Correction: Zodiac Mk3. The Mk4 was The Sweeney car.

Just looked and there's a lot more of these still in existence than there are Rover P6's.


----------



## Christian6984 (Dec 20, 2007)

Rakti said:


> You look at the Orion then see the Cortina and it makes you (me anyway) think how much better proportioned the Cortina was. Orion looks like some kid has just drawn a boot onto the end of an Escort.
> 
> MG Metro still looks quite fresh imo. Any thoughts?


Probably my favourite. Ironically it got sold because of me, second born and wanted a bigger car so went to be replaced by the Orion :wall:. Quite rare with the Hella Spot lights in the grille from what my Dad tells me


----------



## Cookies (Dec 10, 2008)

My dad was a Datsun fan when I was little. Summer days, on the black vinyl seats was something that never leaves you. He was an advanced driver, and boy could he steer. Anyhoo, the ones I remember:
Datsun 160J
Datsun 120y (CIL 629)
Datsun Sunny (CIL 5904)
Nissan Cherry Jubilee (EIL 1687)
Nissan Sunny (GIL 1829)
Theres one missing here, and I've drawn a blank oddly. 
Toyota Corolla (RIL 2930)
Renault Scenic (UIL xxxx)
Ford Cmax Ghia 
Ford Cmax Zetec Auto
Vauxhall Meriva auto (with the suicide doors) 

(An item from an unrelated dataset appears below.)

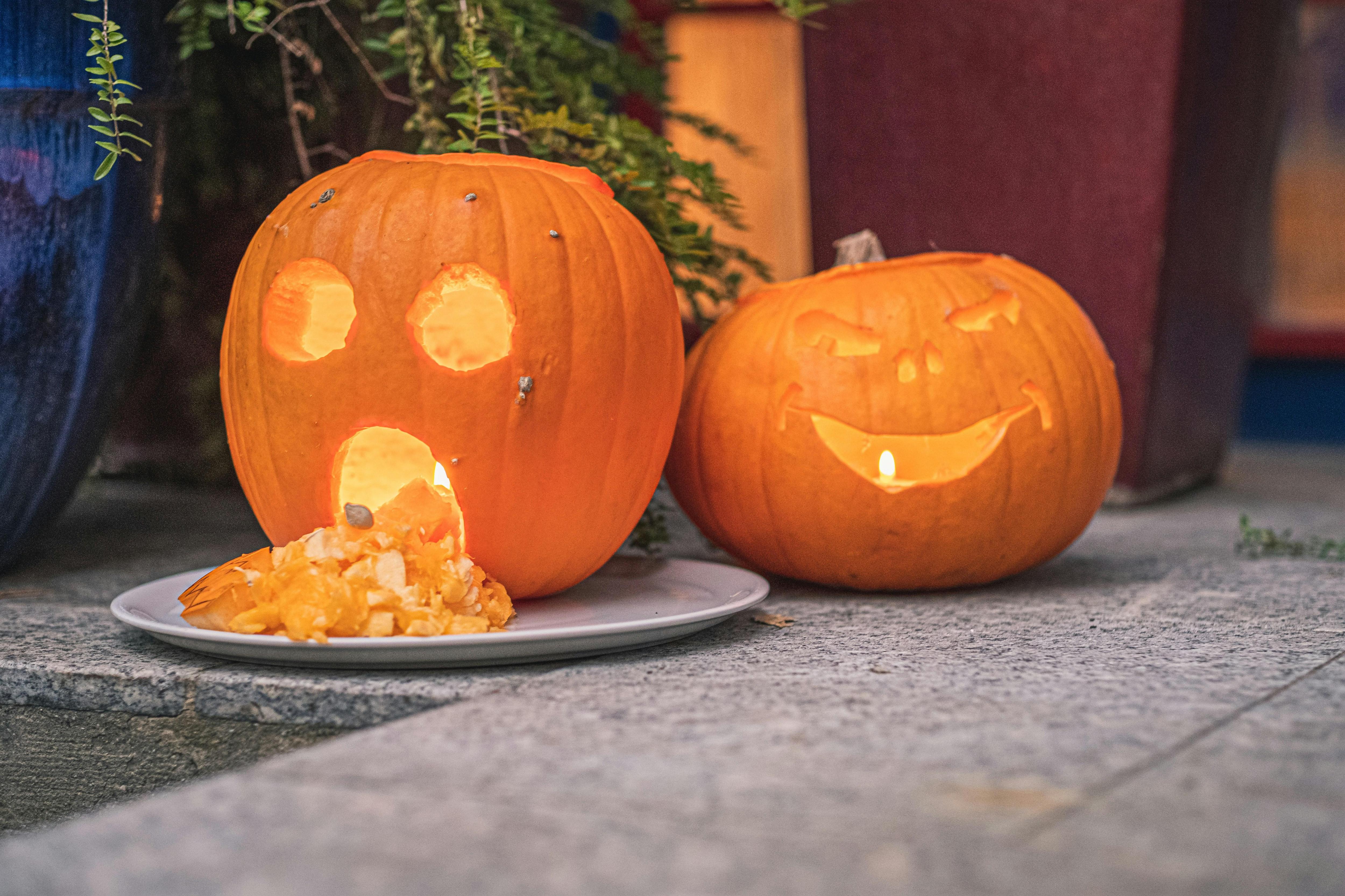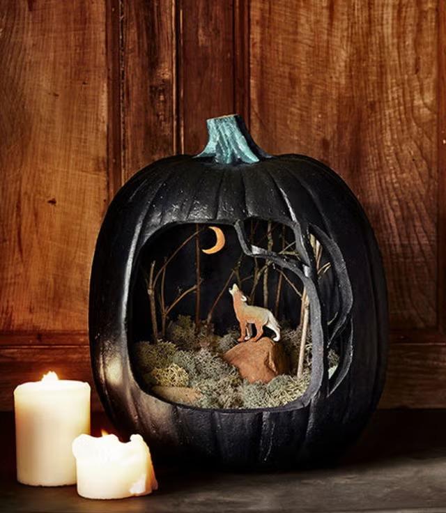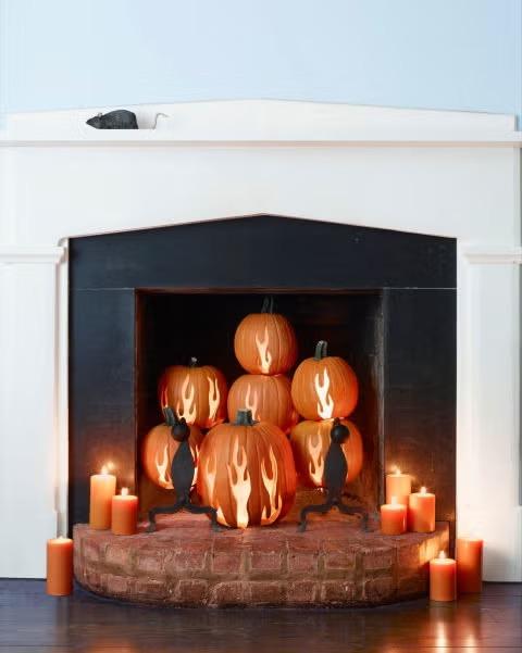 Процесс требует определенного планирования, поэтому начните с подготовки рабочего места для вырезания тыквы, выложите ножи и подложите на стол слой газеты или непромокаемую салфетку, чтобы не испачкаться. Традиционно сначала вырезают отверстие наверху тыквы и удаляют мякоть и семена, пока не получится полая емкость, готовая к вырезанию.

One of my fondest memories is of dad and me going to lift my Granda every weekend in the Nissan Cherry, while listening to Dire Straits, So Far Away......

Cooks

Sent from my SM-G950F using Tapatalk


----------



## bellguy (Feb 4, 2021)

I have to be honest, not ONE of the old cars would I ever want or do I like and never will 
Words can not describe what i feel about them :lol:

It's good that some do I suppose but when on the rare occasion someone wants us to actually work on one I make sure I am NOT in work for the duration 

Absolutely NO disrespect in any way, just my own total aversion to them and I can't help it lol


----------



## Gas head (May 28, 2010)

father learn to drive in a lincoln zephyr imported from the usa just before the 2nd ww by my grandfather apparently it was a huge vehicle unusually its a v12 motor, moved on to daimler double six, a fiat 130, ending up with metros and fiesta towards the end of his driving career as the bigger cars must have had a dent in each panel.


----------



## sharrkey (Sep 11, 2017)

Strange the only 2 cars I can remember was Sierra Ghia & Mini Clubman estate, can remember us going on holiday from NI to Butlins in Scotland in the mini lol
My memory just ain’t what it used to be, I blame all the partying & Kelly’s Portrush for that lol Ahh the good old Rave days


Sent from my iPhone using Tapatalk Pro


----------



## Caledoniandream (Oct 9, 2009)

bellguy said:


> I have to be honest, not ONE of the old cars would I ever want or do I like and never will
> Words can not describe what i feel about them :lol:
> 
> It's good that some do I suppose but when on the rare occasion someone wants us to actually work on one I make sure I am NOT in work for the duration
> ...


A lot of them where so easy to work on, miles of space around the engine (except Peugeot and the Mini), basic electrics, and with a hammer and an adjustable spanner you could take them apart and put them together in a few hours.
Also the pleasure of tuning them after a service, with the tappets set, the points and sparkplugs replaced and adjusted, ignition timing corrected and the carburettor tuned, they would come out the workshop running as sweet as could be and half the bhp recovered.
Everything was basic, easy to understand and easy to fix.


----------



## Rakti (Nov 11, 2019)

Caledoniandream said:


> A lot of them where so easy to work on, miles of space around the engine (except Peugeot and the Mini), basic electrics, and with a hammer and an adjustable spanner you could take them apart and put them together in a few hours.
> Also the pleasure of tuning them after a service, with the tappets set, the points and sparkplugs replaced and adjusted, ignition timing corrected and the carburettor tuned, they would come out the workshop running as sweet as could be and half the bhp recovered.
> Everything was basic, easy to understand and easy to fix.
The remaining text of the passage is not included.